Project github address: bitcarmanlee easy-algorithm-interview-and-practice
welcome everyone to star, leave a message, and learn and progress together
1. Group groupby
In the process of daily data analysis, there is often a need for grouping. Specifically, the data is divided into different groups according to one or more fields, and then further analysis is performed, such as finding the number of groups, the maximum, minimum, and average values in the groups. In SQL, it is the famous groupby operation.
In pandas, there is also a corresponding groupby operation, let's take a look at how to use groupby in pandas.
2. The data structure of groupby
First we look at the following code
def ddd():
levels = ["L1", "L1", "L1", "L2", "L2", "L3", "L3"]
nums = [10, 20, 30, 20, 15, 10, 12]
df = pd.DataFrame({"level": levels, "num": nums})
g = df.groupby('level')
print(g)
print()
print(list(g))
The output is as follows:
<pandas.core.groupby.generic.DataFrameGroupBy object at 0x10f6f96d0>
[('L1', level num
0 L1 10
1 L1 20
2 L1 30), ('L2', level num
3 L2 20
4 L2 15), ('L3', level num
5 L3 10
6 L3 12)]
After doing the groupby operation, what you get is a DataFrameGroupBy object. If you print the object directly, the memory address will be displayed.
In order to observe the data conveniently, we use the list method to convert and find that it is a tuple. The first element in the tuple is the value of level. The second element in the ancestor is the entire dataframe under its group.
3. Basic usage of groupby
def group1():
levels = ["L1", "L1", "L1", "L2", "L2", "L3", "L3"]
nums = [10, 20, 30, 20, 15, 10, 12]
scores = [100, 200, 300, 200, 150, 100, 120]
df = pd.DataFrame({"level": levels, "num": nums, "score": scores})
result = df.groupby('level').agg({'num': 'sum', 'score': 'mean'})
allnum = result['num'].sum()
result['rate'] = result['num'].map(lambda x: x / allnum)
print(result)
The final output:
num score rate
level
L1 60 200 0.512821
L2 35 175 0.299145
L3 22 110 0.188034
The above example shows the basic usage of groupby.
Group the dataframe by level, then sum the num column and average the score column to get the result.

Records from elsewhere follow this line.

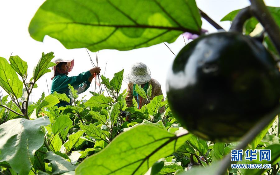 9月7日,河北省石家莊市欒城區欒城鎮南石碑村菜農在茄子地里忙碌。 當日是白露節氣,各地田間地頭一片農忙景象。 新華社發(李明發 攝)
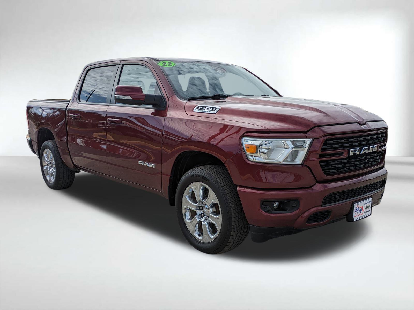Certified. Delmonico Red Pearlcoat 2022 Ram 1500 Big Horn/Lone Star 3.6L V6 24V VVT 8-Speed Automatic 4WD. Priced below KBB Fair Purchase Price! Vehicle pricing includes all offers and incentives. Sales tax, registration fees, dealer installed options, reconditioning costs, and $1,299 dealer fee not included in all vehicle prices shown and must be paid by the purchaser.
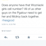 Last week, Rory McIlroy called off the engagement with Caroline Wozniacki. In the immediate wake, their performances have taken dramatically different paths. Rory won the European PGA championship after trailing during the last round by seven (7) shots and he is currently in the lead at The Memorial. On the other hand, 13th seed Wozniacki lost in the first round for the first time at the French Open.

At the same time, we also want to get the proportion of the sum of num in all num sums in each group. So we first seek the synthesis of num, and then use the map method to add a column to the result to find its proportion!
4. The usage of transform
Let's look at a more complex example below.
def t10():
levels = ["L1", "L1", "L1", "L2", "L2", "L3", "L3"]

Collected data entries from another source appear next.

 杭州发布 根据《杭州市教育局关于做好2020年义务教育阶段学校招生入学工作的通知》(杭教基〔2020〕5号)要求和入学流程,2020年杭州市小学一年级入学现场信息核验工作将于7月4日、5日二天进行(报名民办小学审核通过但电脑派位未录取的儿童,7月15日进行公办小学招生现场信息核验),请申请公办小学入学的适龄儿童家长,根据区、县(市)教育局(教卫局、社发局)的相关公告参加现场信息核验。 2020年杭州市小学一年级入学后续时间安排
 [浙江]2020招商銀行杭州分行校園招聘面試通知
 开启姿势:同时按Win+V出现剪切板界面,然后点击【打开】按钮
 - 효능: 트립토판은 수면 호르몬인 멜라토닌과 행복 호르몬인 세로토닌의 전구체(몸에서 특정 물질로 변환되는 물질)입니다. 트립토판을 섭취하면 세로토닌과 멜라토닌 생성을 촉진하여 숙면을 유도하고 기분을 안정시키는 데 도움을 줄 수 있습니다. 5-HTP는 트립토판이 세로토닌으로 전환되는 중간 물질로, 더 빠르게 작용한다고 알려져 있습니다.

nums = [10, 20, 30, 20, 15, 10, 12]
df = pd.DataFrame({"level": levels, "num": nums})
ret = df.groupby('level')['num'].mean().to_dict()
df['avg_num'] = df['level'].map(ret)
print(ret)
print(df)
{'L1': 20.0, 'L2': 17.5, 'L3': 11.0}
level num avg_num
0 L1 10 20.0
1 L1 20 20.0
2 L1 30 20.0
3 L2 20 17.5
4 L2 15 17.5
5 L3 10 11.0
6 L3 12 11.0
In the above method, after we group the levels, we want to add a column to the data set, and we want to add the average value corresponding to each level to each row of data.
The above solution is to first obtain the average value of each group, convert it into a dict, and then use the map method to add the average value of each group.
def trans():
levels = ["L1", "L1", "L1", "L2", "L2", "L3", "L3"]
nums = [10, 20, 30, 20, 15, 10, 12]
df = pd.DataFrame({"level": levels, "num": nums})
df['avg_num'] = df.groupby('level')['num'].transform('mean')
print(df)
If you use the transform method, the code can be simpler and more intuitive, as shown above.
The role of the transform method: call the function to generate a dataFrame with the same index as the original df on each group, and return the dataFrame with the same index as the original object and filled with the converted value, which is equivalent to adding to the original dataframe a row.